| It Was One of Those Hot Summer Days
When Walking Was a Chore
Kristin Rix
It was one of those hot summer days when walking was a chore, and only the
most dignified of ladies could pull it off with only a glow. The days where
the subtlest of hips could work their way through the burning asphalt, across
marble games in the shade and over the out-slung legs of men while they drank
beer and expounded on the women they would have done if . . . She could handle
this heat. Those same men who tilted their hats to maximize on the shade and
looked at her with disdainful eyes couldn't see how easily she maneuvered
through the heat. They only saw the slightly disheveled hair, and the mildly
rumpled flowered skirt that he saw clung so well to her thighs. It sailed over
her beautiful thighs, it soared and danced a maraca when she skittered around
the marble ring. He watched her first with respect, envy, even, and soon after
with a desire to possess the hips that so easily swam amidst the heat that
pulsed up in waves around her, barely grazing her.
She walked his way. Perhaps it was the dress shop that sat just past the
balustrade he eased himself against. Perhaps she walked her way into this dead
Texas heat knowing he would be standing in her path, tilted her hat because
she knew as she tilted it that he would only be able to see the suppleness of
her lips as she approached and his eyes guided down to the shape of her ample
breasts against the cotton of her shirt. the scarf swaying back and forth in
rhythm with her feet. She had her own music, her own song, her own quartet of
body movements that no man, perhaps long ago but not any more, appreciated.
She had it all in a tight, subtle package left on a shelf twenty years ago
waiting for the one man that could see through the cheap wrapping paper to the
gift hidden beneath. This was what he was waiting his whole life for, this
woman. This is what he looked at magazines for, watched old movies for and
yes, snuck out for while his mother held Tupperware parties in the living room
past his bedtime. He'd studied the hats she might wear, the pleats that might
be in her skirt, the colors which might collide in the scarf embracing her
neck.
With each step she came nearer, his destiny, his Madonna. his Mother Mary.
"Afternoon, ma'am," he managed.
"Afternoon."
"How are you?"
She paused. His heart leapt to his throat as he realized he was no longer
in control, that his destiny had taken over and was guiding him into the
moment of his future, his ultimate purpose, this woman.
"I must say that right about now I'm doin' very well."
"I’m ever so pleased to hear that, ma'am. You look very well, if I
may say so." He could hear her breathing, and the minute paused. She
hadn't turned her face to him yet, and all he could do was watch her lips
moisten themselves against each other as they prepared to form the next
response.
And then, as they began to form she turned her blue eyes on him and they
sparkled at him.
"You may, and thank you. You from around here?"
"I was passin' through, but I thought I might stay for a short while.

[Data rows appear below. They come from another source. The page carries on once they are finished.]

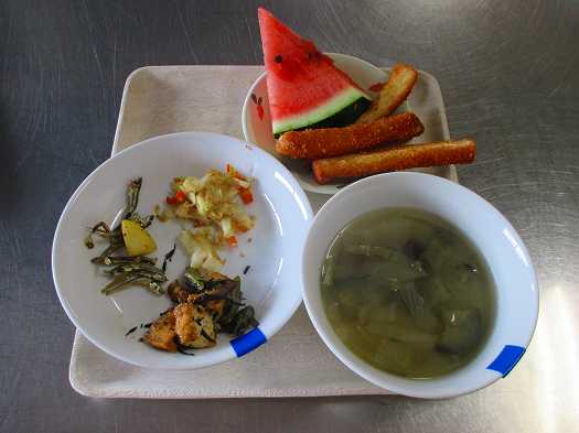 2020年08月06日 給食室(8月3日の給食、おやつ) 給食室 昼食 ・ごはん ・厚揚げと鶏肉のひじき煮 ・煮干しとじゃがいもの佃煮 ・キャベツのごまポン酢和え ・なすのみそ汁 おやつ ・シナモン揚げパン ・すいか 月曜日は和食です。 今回は和食の中でも ザ・昔ながらのメニュー でした。 あまり食が進まない子もいましたが、ひじき煮や佃煮など、 日本の伝統的な料理もこどもたちに伝えていき、 色々な料理、食材に興味を持ってもらえたらなと思います。 一覧へ戻る
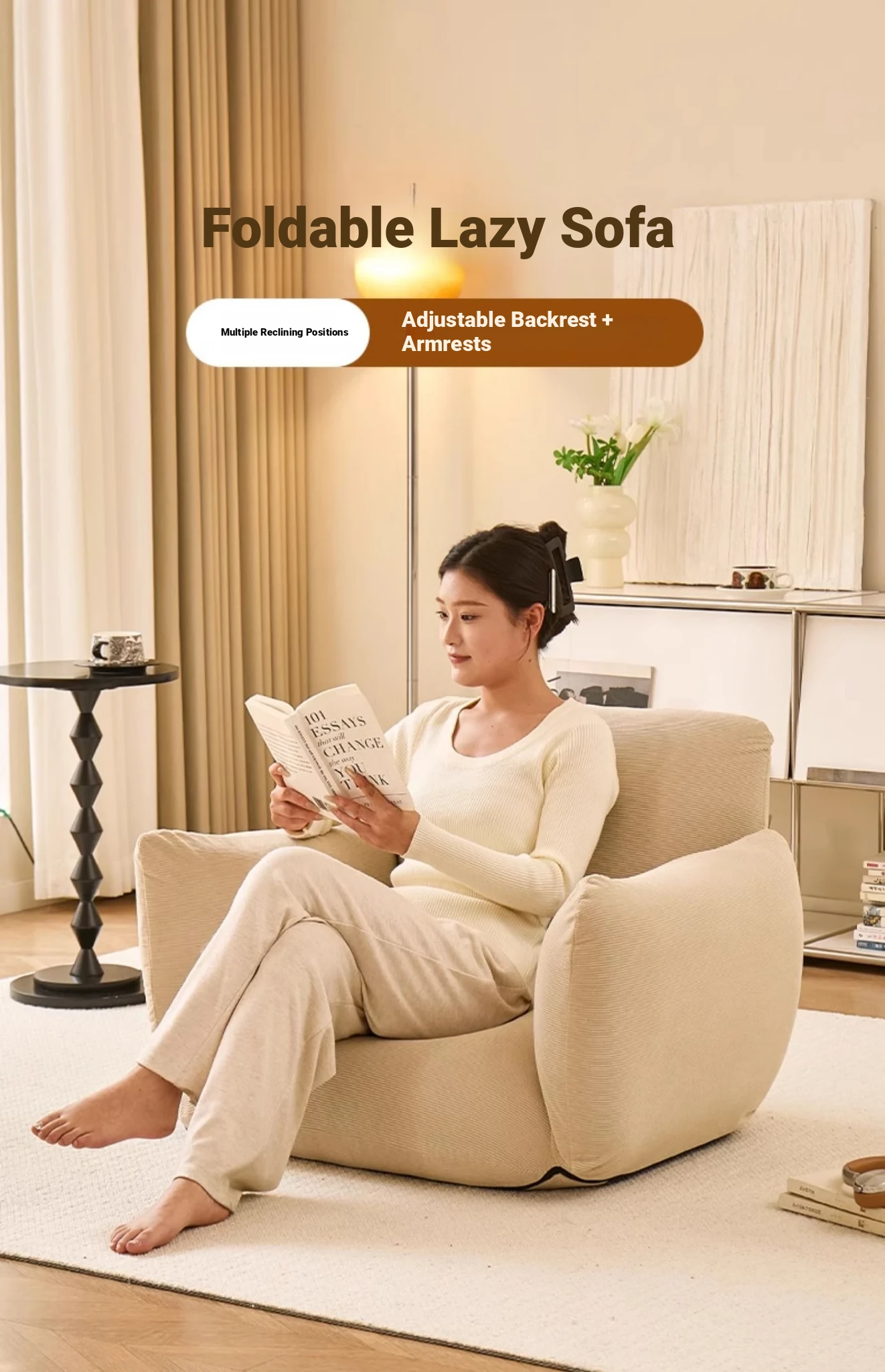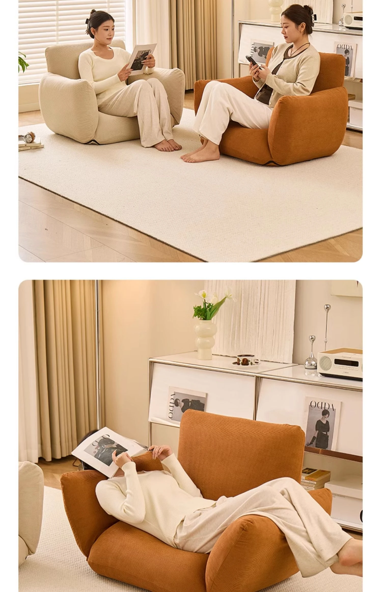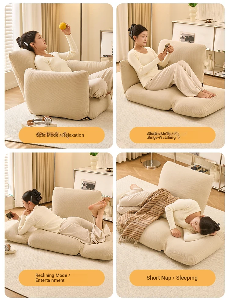 Cozy Lazy Sofa Chair - Foldable, Reclining, and Perfect for Bedroom or Balcony Use - Ideal for Tatami or Floor Seating, Single Person Snuggle Chair with Backrest
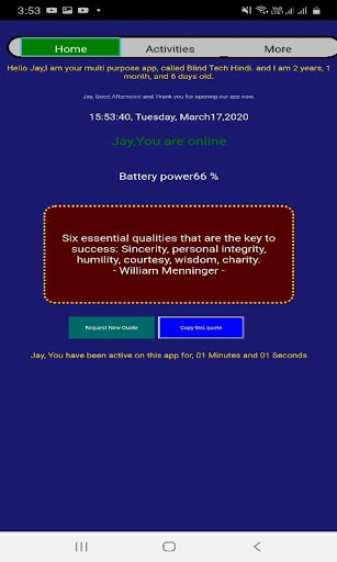 Also you can know your device's battery status, date time and many more. interesting things on the home screen of Blind Tech Hindi multipurpose app.
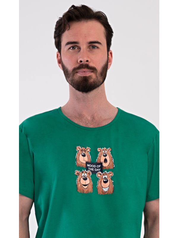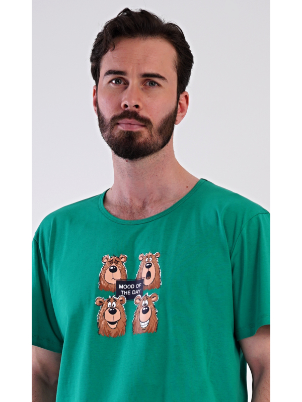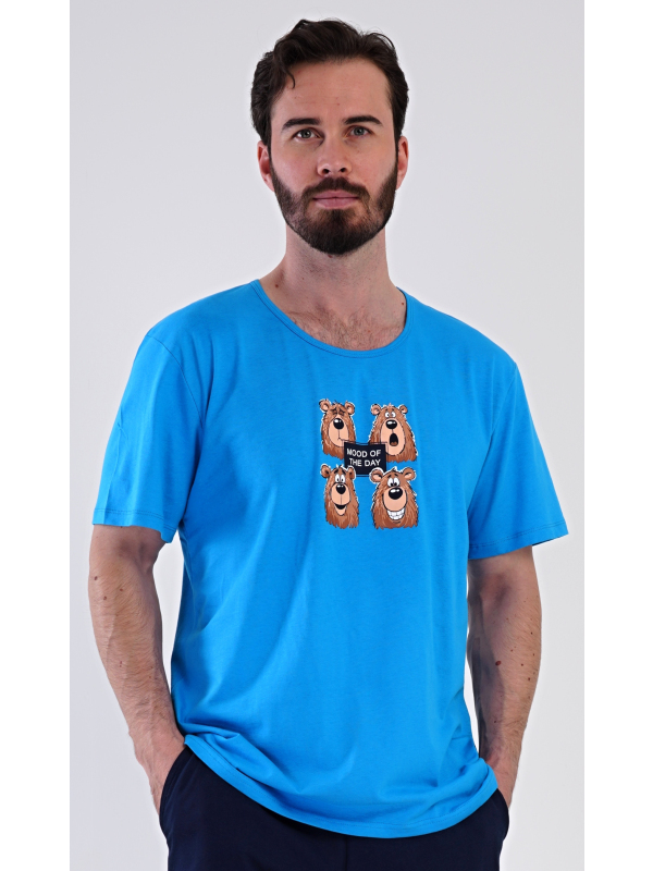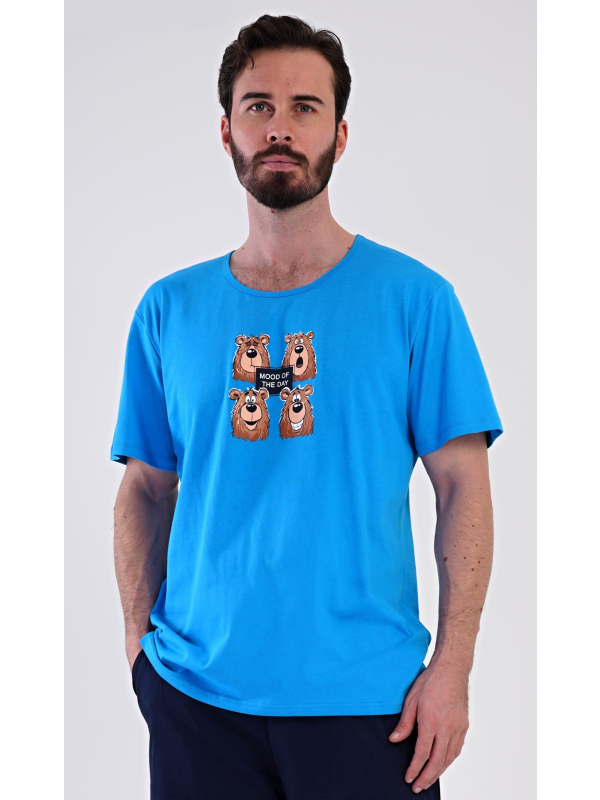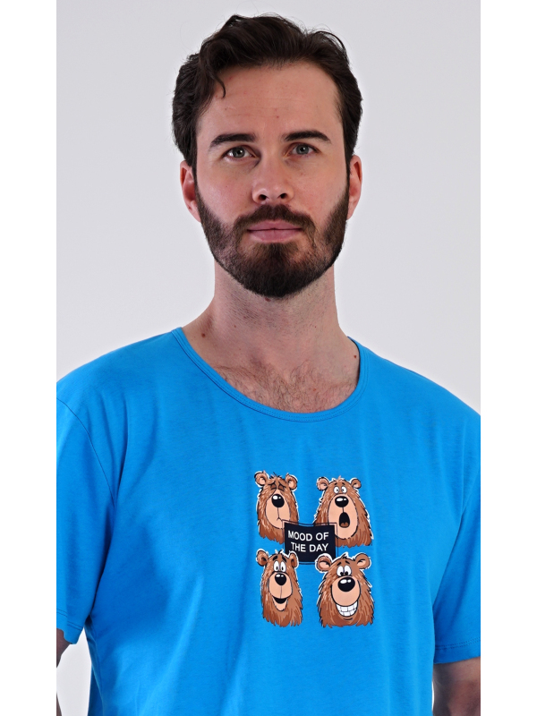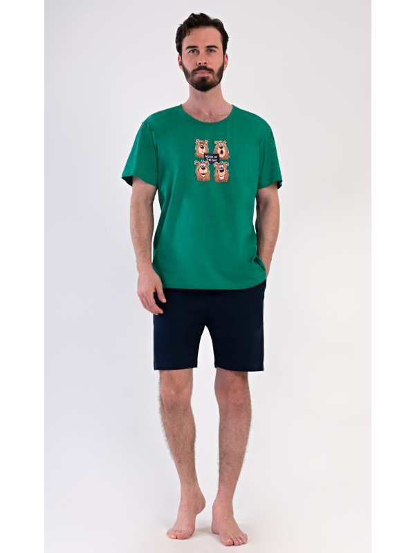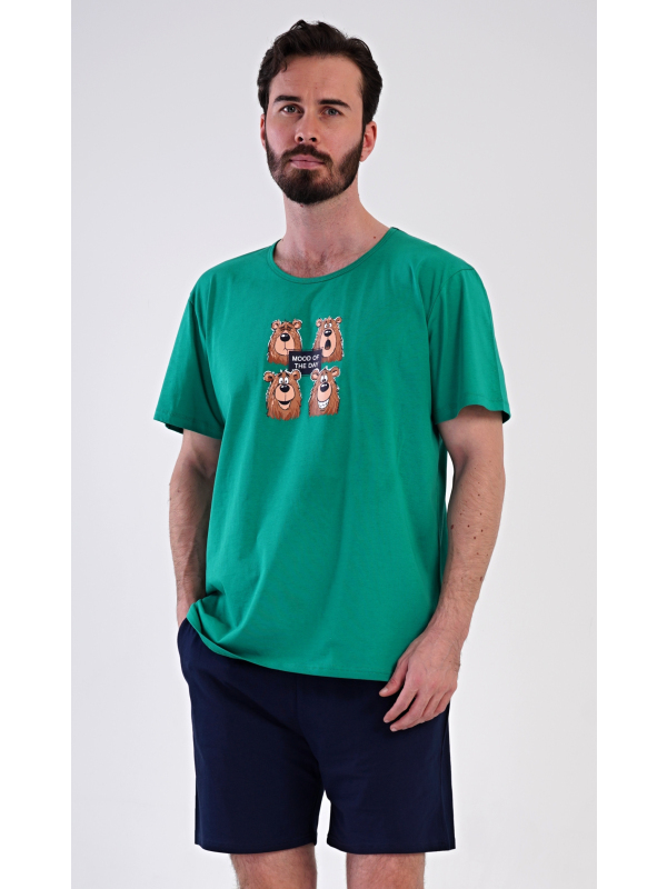 Pánské šortkové pyžamo Méďa Happy. Pánské bavlněné šortkové pyžamo Méďa Happy. Pánské pyžamo se skládá z trička s krátkým rukávem a krátkých šortkových kalhot. Na jednobarevném tričku je obrázek medvěda, jehož výraz se mění v průběhu (pracovního) dne. Šortky mají praktické kapsy, v pase gumu a šňůrku na stáhnutí. Použitý materiál s podílem bavlny 100% je příjemný a poddaný na dotek. Pyžamo je vhodné i na denní nošení a oceníte ho obzvlášť v horkých letních dnech. Pokyny pro údržbu: - 100% bavlna

I'm renting a spot upstairs."
"Yes . . ." she looked him up and down. "I would have
noticed a boy like you before."
He could tell how relaxed and comfortable her eyes were with that gesture,
not from having done it over and over, as a habit, but from having wanted to
do it so many times and never gone there. Here stood before him the woman who
was the gown in the closet worn once and forgotten, once loved and so
beautiful and once the magic was used, hung and forgotten. Here was his prize.
"It's awful hot out here." he said.
"Yes, oh my," she fanned herself and her eyes grew wide with the
sudden realization. Her cheeks flowered pink.
"I have some nice cool iced tea upstairs, if you'd like to join me for
a spell." His whole body hung upon the balustrade, waiting for her
answer.
She looked down the street where she had come from, pensive. Then she
smiled and looked back him, took his whole face and meaning in.
"Yes," she responded. "That would be so nice."